╭─ DATA EXTRACT
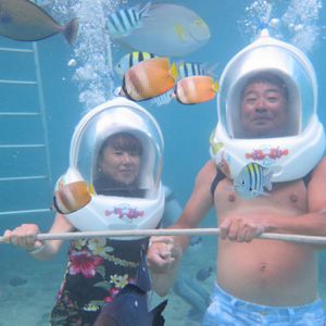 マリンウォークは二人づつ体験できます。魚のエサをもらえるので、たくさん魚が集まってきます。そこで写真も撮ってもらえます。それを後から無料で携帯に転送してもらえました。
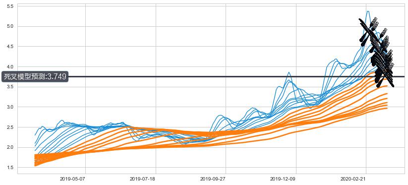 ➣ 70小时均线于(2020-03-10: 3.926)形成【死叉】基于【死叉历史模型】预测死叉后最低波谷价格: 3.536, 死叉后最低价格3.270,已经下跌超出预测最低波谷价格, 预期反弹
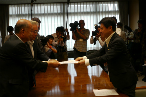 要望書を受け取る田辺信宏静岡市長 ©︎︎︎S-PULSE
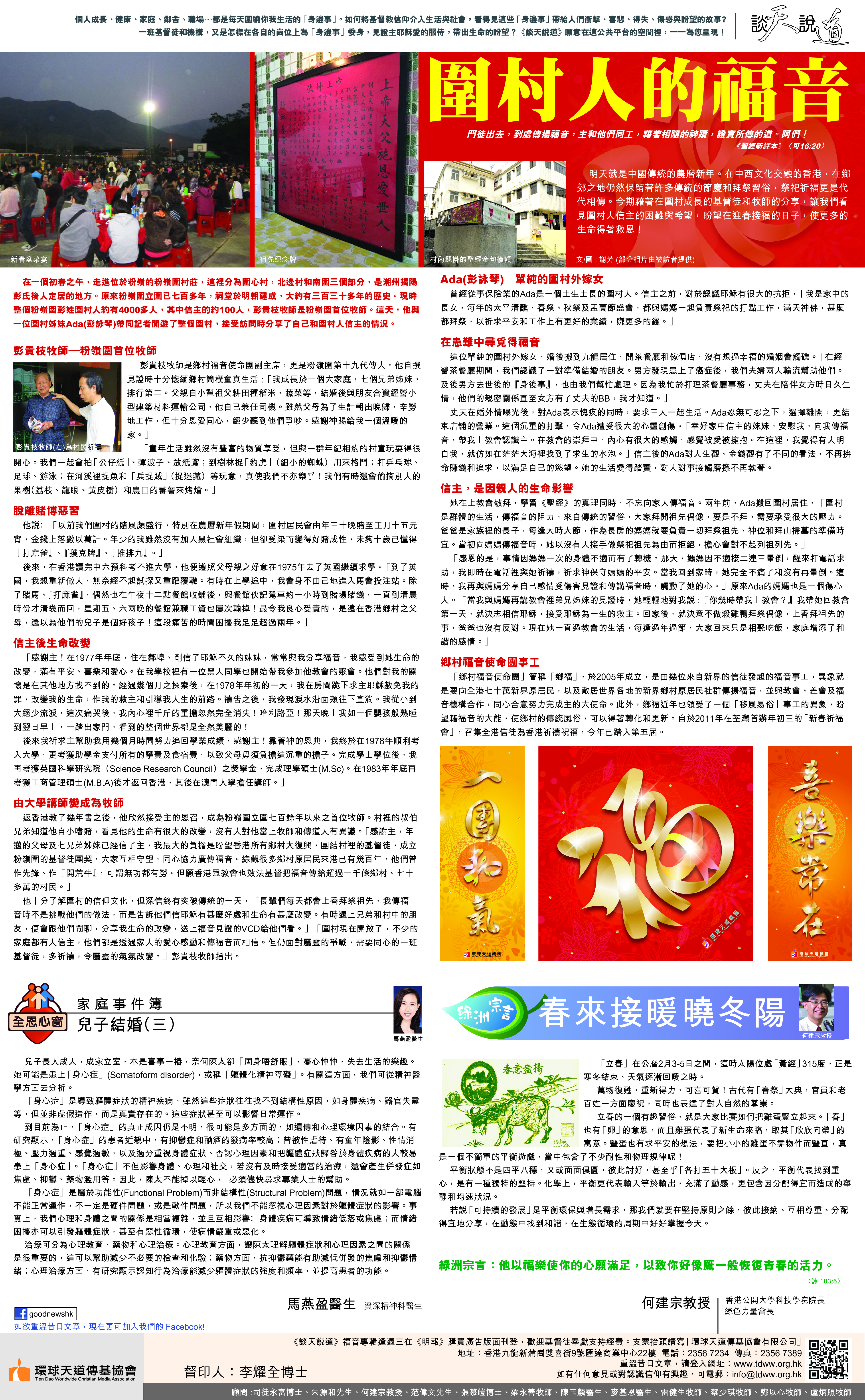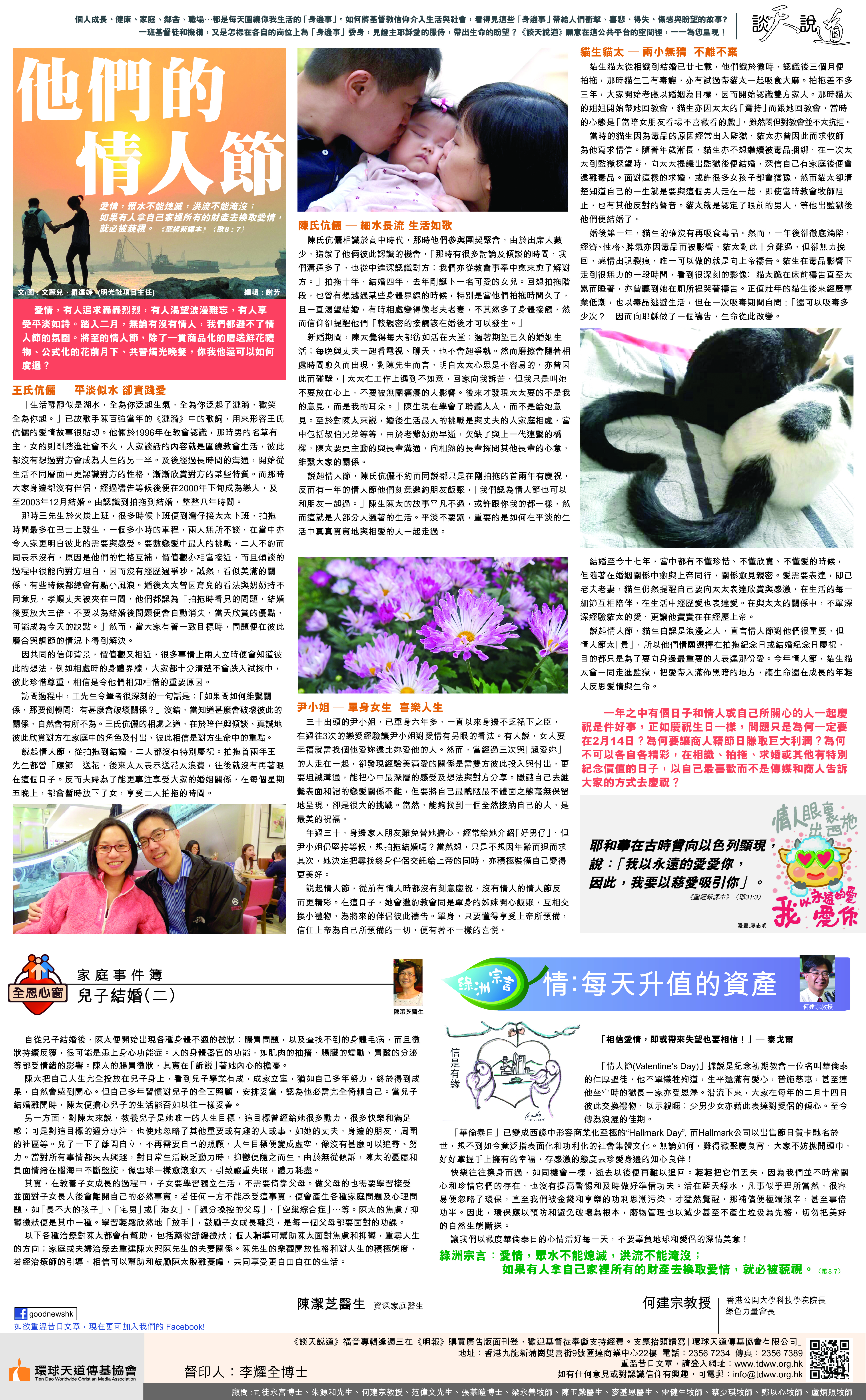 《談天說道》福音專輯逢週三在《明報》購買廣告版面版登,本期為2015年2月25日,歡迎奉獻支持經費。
╰─
**WHAT YOU HAVE TO DO:**
Without the pictures, return the whole of the data exactly as given.

**FINISHED EXERCISE:**
 マリンウォークは二人づつ体験できます。魚のエサをもらえるので、たくさん魚が集まってきます。そこで写真も撮ってもらえます。それを後から無料で携帯に転送してもらえました。
 ➣ 70小时均线于(2020-03-10: 3.926)形成【死叉】基于【死叉历史模型】预测死叉后最低波谷价格: 3.536, 死叉后最低价格3.270,已经下跌超出预测最低波谷价格, 预期反弹
 要望書を受け取る田辺信宏静岡市長 ©︎︎︎S-PULSE
 《談天說道》福音專輯逢週三在《明報》購買廣告版面版登,本期為2015年2月25日,歡迎奉獻支持經費。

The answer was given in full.